Differential diagnosis of aura
Some children may have a difficult-to-describe feeling (prodrome) that a seizure may occur. Epilepsy prodromes may last hours or even days and have to be distinguished from auras. Epilepsy auras are characteristically short in duration, lasting seconds to few minutes. Aura, like focal seizures, is contralateral to the hemisphere involved in seizure activity. Seizures are more frequent and shorter in duration than transient ischemic attacks (TIAs). Finally, postictal weakness can occur in one limb. The aura in migraine typically lasts 5-60 min due to spreading cortical depression (characteristic of migraine) resulting from a slow depolarization spreading with a speed of 3 mm/min. The aura takes 10-20 min to spread from the initial point to their maximal distribution. This is slower than the spread of a sensory seizure and sensory symptoms associated with TIA. Another useful distinction is that the visual aura in migraine is a scintillating scotoma or fortification spectrum whereas colored circles are seen in occipital lobe seizures. The visual aura of migraine is perceived with the eyes closed or opened because it is a positive phenomenon. Migraine and epilepsy have a greater overlap than would be expected by chance. The prevalence of each is increased in the presence of the other. Aura of syncope lasts longer than that of epilepsy. Syncope is due to gradual failure of cerebral perfusion with a reduction oxygen supply to the brain. Syncope is a symptom complex consisting of lightheadedness, giddiness, visual blurring, tinnitus, muscle weakness, and gastrointestinal symptoms. The child is pale and feels cold and "sweaty." Loss of consciousness generally is gradual allowing the child to protect itself from falling and injury. Factors precipitating a simple faint are emotional stress, prolonged standing, unpleasant visual stimuli, or pain.
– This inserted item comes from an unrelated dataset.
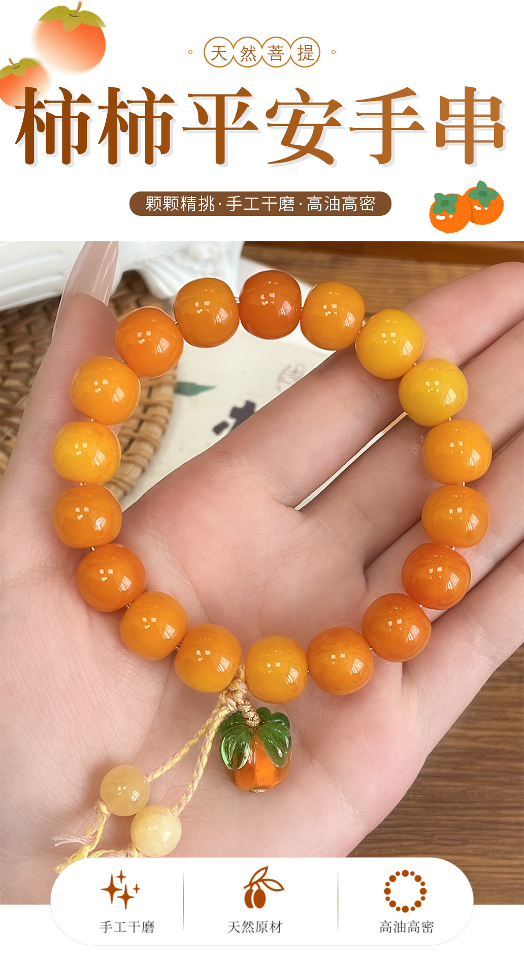 「19.9到手!柿柿平安」新款菩提根单圈手串 佛珠手链时尚饰品

Other nonepileptic paroxysmal events to be considered in the differential diagnosis
They are breath-holding attacks, tics (Tourette syndrome), parasomnias (night terrors, sleep talking, walking, "sit-ups"), nightmares, migraine, benign nocturnal myoclonus, shuddering, gastroesophageal reflux (Sandifer syndrome), infantile masturbation/gratification movements, conversion reaction/psychogenic nonepileptic seizures, temper tantrums and rage attacks, benign paroxysmal vertigo, staring spells, TIA, rage attacks, and panic attacks.
| Diagnosis|| |
Developmental milestones must be recorded. In people with cerebral palsy and mental retardation, the diagnosis of epilepsy presents unique difficulties because of lack of accurate history. Description of children's own experiences before, during and after the episode if they are articulate enough, eyewitness account of the episode, history from caregiver concerning remote injuries to the nervous system, progressive neurologic symptoms, or intercurrent illness must be elicited.
Physical examination between seizures may show evidence of CP. Children should be examined carefully for focal or lateralizing neurologic signs. Assessment of development, mental status, and genetic disorders must be done.
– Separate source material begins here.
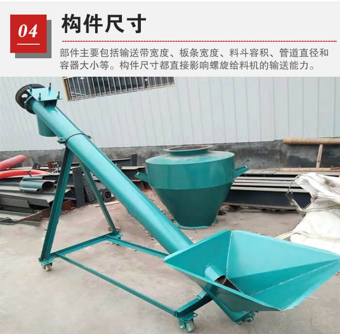 主要包括輸送帶寬度、板條寬度、料斗容積、管道直徑和容器大小等。這些構(gòu)件尺寸都直接影響螺旋給料機(jī)的輸送能力。如螺旋輸送機(jī)管徑越大,效率也就越高。當(dāng)然,并不一定就是輸送機(jī)本身才能影響效率,物料的各種性質(zhì)也都會(huì)對(duì)效率有所影響。

Initial investigations should include complete blood count, serum glucose, electrolytes, creatinine, calcium, magnesium, and liver function tests to exclude various causes of seizures and to provide a baseline for subsequent monitoring of long-term effects of treatment. A peripheral blood smear for malarial parasite must be considered. A cerebrospinal fluid (CSF) analysis is necessary if infection is suspected. Meningeal irritation may not be obvious in infants <1 year, in the postictal period or if pretreated with antibiotics. CSF is must in all infants <6 months of age who present with fever and seizure, or if the child is ill-appearing or at any age if there are clinical signs or symptoms of meningitis. Lumbar puncture (LP) is optional in a child 6-12 months of age who has not received Haemophilus influenzae Type B and Streptococcus pneumoniae immunizations or whose immunization status is unknown or has been pretreated with antibiotics. In febrile status epilepticus without any CNS infection, a nontraumatic LP infrequently shows CSF pleocytosis (96% have <3 nucleated cells in the CSF), and the CSF protein and glucose are normal. Historical information can frequently guide the need for metabolic tests. Urine toxicology is necessary when illicit drug use is suspected. For refractory seizures, CSF analysis may provide evidence of underlying IEM such as pediatric neurotransmitter disorders (e.g., dopa-responsive dystonia), reduced serine levels (serine-deficiency disorders),  or low CSF glucose concentration (hypoglycorrhachia) which can be caused by GLUT1 deficiency.  Depending on associated symptoms, a complete metabolic workup or genetic testing, or both, may be performed to explore the possibility of deficiency or malabsorption. 
Forty percent of children with epilepsy have a normal EEG. If the child has first SFS and is neurologically otherwise normal, an EEG is unnecessary.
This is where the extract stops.